DATA:
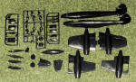 The cockpit consists of a floor, seat, stick and pilot. At the time, the detail level of the pilot's office was not considered a priority so most kits had quite Spartan interiors. Wheel wells are not boxed in for the main gear and quite shallow for the nose gear. No indication of weight is given but you will need to pack in a considerable amount to keep it on its nose. A blanking plate is provided for the engine fronts with the exhaust remaining open. The only real options are fuel tanks. One for the lower fuselage and a pair for beneath the wings. Holes for the latter are already drilled out on the lower wings. A once piece canopy that is rather thick is provided.
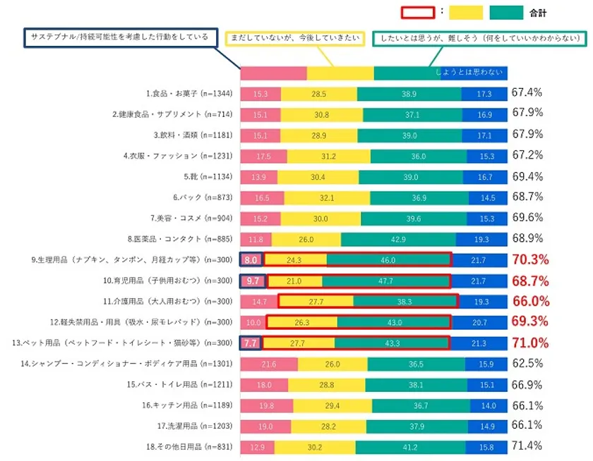 ・一方、「衛生用品」(介護用品・生理用品・育児用品・ペット用品)を購入する方は、「サステナブルな行動」の意識は1割未満にとどまる。
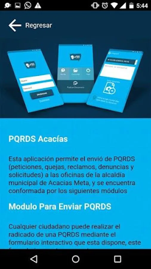 Users can send their complaints or claims requests addressed to the municipal administration by entering the play store and downloading the mobile application called PQRD acacias, after registering where the data is requested: full name, identity card, email, neighborhood, and address. The application loads a module in which the interested party enters his name and password. Followed at the beginning of the session we find a menu in which it allows us to: register the PQRD, consult the (S) PQRD, view a heat map; PQRD registration and access to social networks.
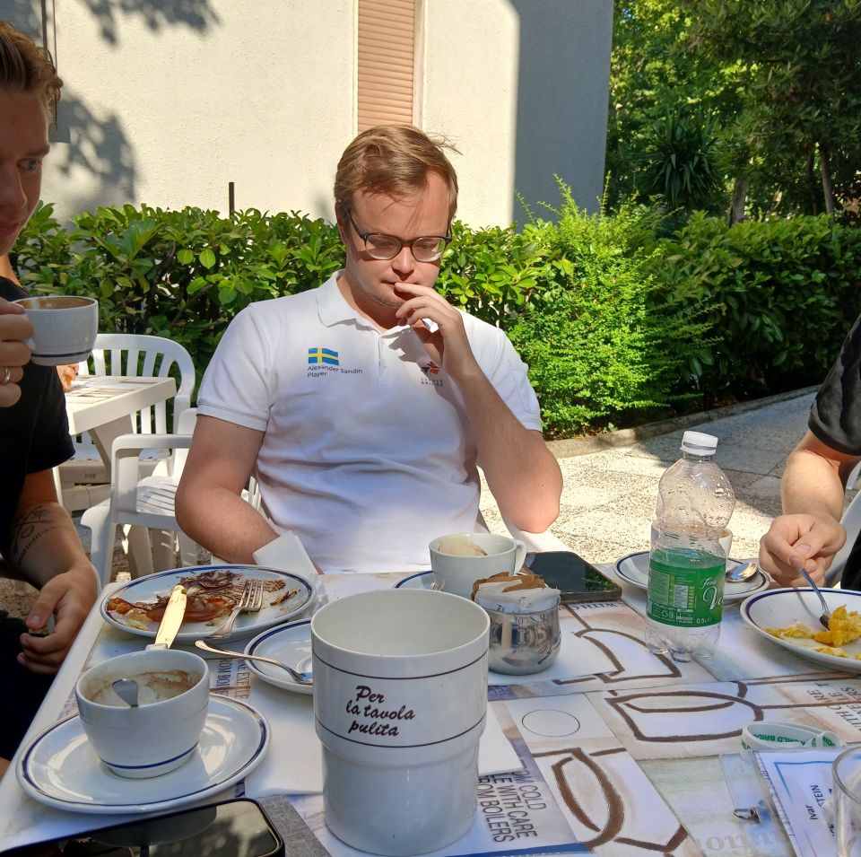 Imorgon väntar Nederländerna för U21, Hakim har sovmorgon och för U26 USA 2, Andreas och Ivar får sova ut. Det blir lite speciellt med sju matcher imorgon, känslan är att det enda Mikael och jag gör är linear (lämnar in laguppställningar) samt delar ut motståndarnas deklarationer till spelarna. Bland annat fick U21 möta en variant av Slawinski-utspel (10-12-regeln från honnörer och 11-regeln från hackor) vilket tog sin tid att sätta sig in i.
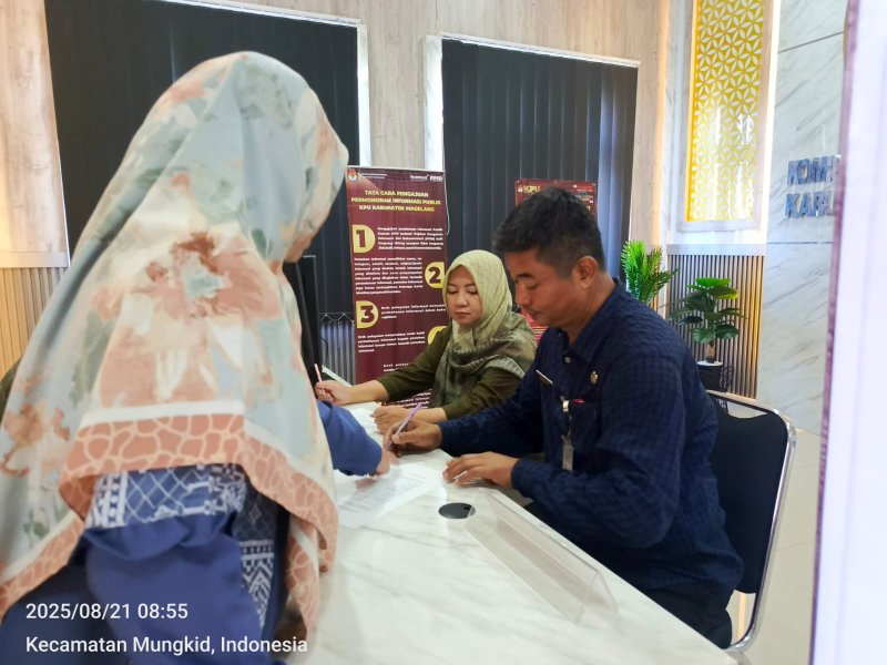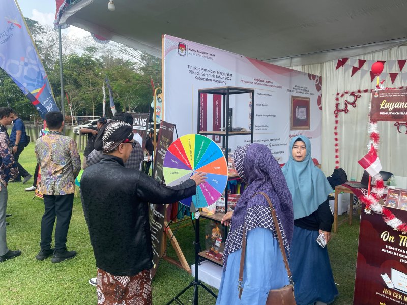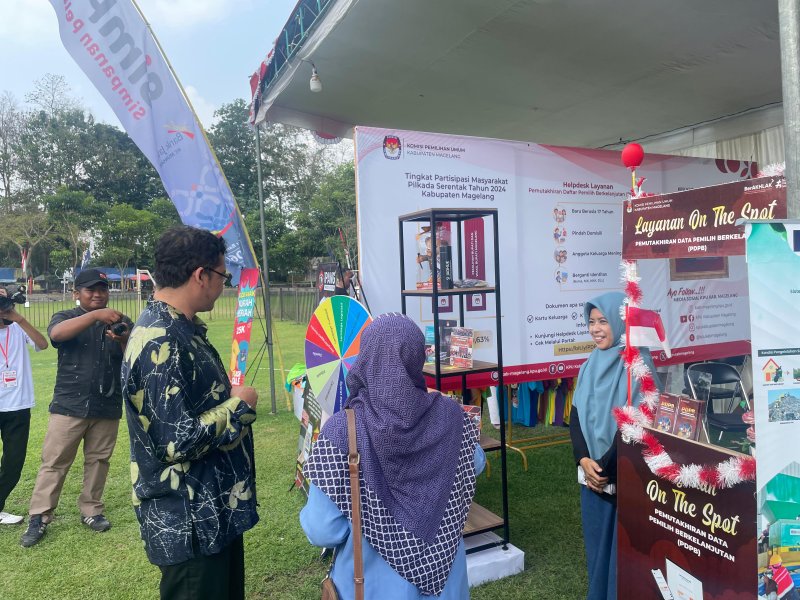 KOTA MUNGKID_ Layanan Pemutakhiran Data Pemilih Berkelanjutan (PDPB) On The Spot KPU Kabupaten Magelang hadir menyemarakkan Pameran Semarak Gemilang 2025 “Pasar Rakyat Magelangan” yang dibuka secara resmi Bupati Magelang Grengseng Pamuji, Jumat (22/8/2025), di Lapangan drh. Soepardi, Sawitan, Mungkid dalam rangkaian Perayaan Hari Ulang Tahun ke-80 Kemerdekaan RI Pemkab Magelang. Layanan PDPB ini menjadi satu rangkaian dalam Stand KPU Kabupaten Magelang yang juga memberikan edukasi langsung kepada pengunjung pameran berupa layanan cek DPT online, infografis pemilu dan pemilihan edukatif serta games interaktif rolet “Roda Demokrasi” yang mendapat antusias tinggi dari para pengunjung. Games rolet atau roda ini dimainkan dengan cara memutar roda yang berisi 12 kategori pertanyaan, mulai dari seputar PDPB, lembaga legislatif, eksekutif, yudikatif, demokrasi, hingga pengetahuan umum terkait kepemiluan. Bagi pengunjung beruntung yang dapat menjawab pertanyaan dengan benar sesuai berhentinya putaran rolet mendapatkan hadiah menarik dari KPU. “Melalui permainan ini, kami berharap pengunjung tidak hanya terhibur, tetapi juga bisa belajar tentang demokrasi dan kepemiluan dengan cara yang menyenangkan,” terang Eko Rahardjo, staf KPU yang bertugas menjaga stand pameran. Layanan cek DPT online juga menjadi daya tarik. Banyak pengunjung memanfaatkan kesempatan ini untuk memastikan apakah mereka sudah terdaftar sebagai pemilih atau belum. Menariknya, jurnalis yang meliput kegiatan Semarak Gemilang 2025 Pasar Rakyat Magelangan juga berkesempatan mencoba langsung layanan cek DPT online. Dalam stand pameran itu, KPU juga menyediakan brosur informasi PDPB yang dapat diperoleh pengunjung secara gratis. Brosur PDPB berisi tata cara melaporkan perubahan data pemilih, baik dengan datang langsung ke Kantor KPU Kabupaten Magelang maupun secara daring melalui link https://bit.ly/PDPB_KPUKABMAGELANG dan scan barcode yang sudah disediakan. Ketua Divisi Perencanaan Data dan Informasi KPU Kabupaten Magelang Siti Nurhayati, menyampaikan Layanan PDPB On The Spot dalam kegiatan pameran ini merupakan bentuk nyata komitmen KPU untuk hadir lebih dekat dengan masyarakat. “Melalui kegiatan Semarak Magelang Pasar Raya 2025 ini, kami ingin memberikan edukasi tentang pentingnya akurasi data pemilih sekaligus membuka ruang interaktif dengan masyarakat. Semakin banyak warga yang sadar dan aktif melakukan pengecekan data, maka kualitas Pemilu dan Pemilihan di masa depan akan semakin baik,” ujarnya. Ia menegaskan partisipasi masyarakat memegang peran penting dalam menyukseskan Pemutakhiran Data Pemilih Berkelanjutan (PDPB). Tanpa kesadaran dan keterlibatan aktif warga dalam melaporkan perubahan data, pemutakhiran data pemilih tidak akan optimal. “Kami berharap masyarakat semakin proaktif, sebab keberhasilan PDPB bukan hanya tanggung jawab KPU, melainkan juga partisipasi bersama seluruh warga,” tambahnya.(***/RED)

TASK DIRECTIONS: The answer must be an exact restatement of all the records, with no pictures included.

RESPONSE BOX:
 The cockpit consists of a floor, seat, stick and pilot. At the time, the detail level of the pilot's office was not considered a priority so most kits had quite Spartan interiors. Wheel wells are not boxed in for the main gear and quite shallow for the nose gear. No indication of weight is given but you will need to pack in a considerable amount to keep it on its nose. A blanking plate is provided for the engine fronts with the exhaust remaining open. The only real options are fuel tanks. One for the lower fuselage and a pair for beneath the wings. Holes for the latter are already drilled out on the lower wings. A once piece canopy that is rather thick is provided.
 ・一方、「衛生用品」(介護用品・生理用品・育児用品・ペット用品)を購入する方は、「サステナブルな行動」の意識は1割未満にとどまる。
 Users can send their complaints or claims requests addressed to the municipal administration by entering the play store and downloading the mobile application called PQRD acacias, after registering where the data is requested: full name, identity card, email, neighborhood, and address. The application loads a module in which the interested party enters his name and password. Followed at the beginning of the session we find a menu in which it allows us to: register the PQRD, consult the (S) PQRD, view a heat map; PQRD registration and access to social networks.
 Imorgon väntar Nederländerna för U21, Hakim har sovmorgon och för U26 USA 2, Andreas och Ivar får sova ut. Det blir lite speciellt med sju matcher imorgon, känslan är att det enda Mikael och jag gör är linear (lämnar in laguppställningar) samt delar ut motståndarnas deklarationer till spelarna. Bland annat fick U21 möta en variant av Slawinski-utspel (10-12-regeln från honnörer och 11-regeln från hackor) vilket tog sin tid att sätta sig in i.
 KOTA MUNGKID_ Layanan Pemutakhiran Data Pemilih Berkelanjutan (PDPB) On The Spot KPU Kabupaten Magelang hadir menyemarakkan Pameran Semarak Gemilang 2025 “Pasar Rakyat Magelangan” yang dibuka secara resmi Bupati Magelang Grengseng Pamuji, Jumat (22/8/2025), di Lapangan drh. Soepardi, Sawitan, Mungkid dalam rangkaian Perayaan Hari Ulang Tahun ke-80 Kemerdekaan RI Pemkab Magelang. Layanan PDPB ini menjadi satu rangkaian dalam Stand KPU Kabupaten Magelang yang juga memberikan edukasi langsung kepada pengunjung pameran berupa layanan cek DPT online, infografis pemilu dan pemilihan edukatif serta games interaktif rolet “Roda Demokrasi” yang mendapat antusias tinggi dari para pengunjung. Games rolet atau roda ini dimainkan dengan cara memutar roda yang berisi 12 kategori pertanyaan, mulai dari seputar PDPB, lembaga legislatif, eksekutif, yudikatif, demokrasi, hingga pengetahuan umum terkait kepemiluan. Bagi pengunjung beruntung yang dapat menjawab pertanyaan dengan benar sesuai berhentinya putaran rolet mendapatkan hadiah menarik dari KPU. “Melalui permainan ini, kami berharap pengunjung tidak hanya terhibur, tetapi juga bisa belajar tentang demokrasi dan kepemiluan dengan cara yang menyenangkan,” terang Eko Rahardjo, staf KPU yang bertugas menjaga stand pameran. Layanan cek DPT online juga menjadi daya tarik. Banyak pengunjung memanfaatkan kesempatan ini untuk memastikan apakah mereka sudah terdaftar sebagai pemilih atau belum. Menariknya, jurnalis yang meliput kegiatan Semarak Gemilang 2025 Pasar Rakyat Magelangan juga berkesempatan mencoba langsung layanan cek DPT online. Dalam stand pameran itu, KPU juga menyediakan brosur informasi PDPB yang dapat diperoleh pengunjung secara gratis. Brosur PDPB berisi tata cara melaporkan perubahan data pemilih, baik dengan datang langsung ke Kantor KPU Kabupaten Magelang maupun secara daring melalui link https://bit.ly/PDPB_KPUKABMAGELANG dan scan barcode yang sudah disediakan. Ketua Divisi Perencanaan Data dan Informasi KPU Kabupaten Magelang Siti Nurhayati, menyampaikan Layanan PDPB On The Spot dalam kegiatan pameran ini merupakan bentuk nyata komitmen KPU untuk hadir lebih dekat dengan masyarakat. “Melalui kegiatan Semarak Magelang Pasar Raya 2025 ini, kami ingin memberikan edukasi tentang pentingnya akurasi data pemilih sekaligus membuka ruang interaktif dengan masyarakat. Semakin banyak warga yang sadar dan aktif melakukan pengecekan data, maka kualitas Pemilu dan Pemilihan di masa depan akan semakin baik,” ujarnya. Ia menegaskan partisipasi masyarakat memegang peran penting dalam menyukseskan Pemutakhiran Data Pemilih Berkelanjutan (PDPB). Tanpa kesadaran dan keterlibatan aktif warga dalam melaporkan perubahan data, pemutakhiran data pemilih tidak akan optimal. “Kami berharap masyarakat semakin proaktif, sebab keberhasilan PDPB bukan hanya tanggung jawab KPU, melainkan juga partisipasi bersama seluruh warga,” tambahnya.(***/RED)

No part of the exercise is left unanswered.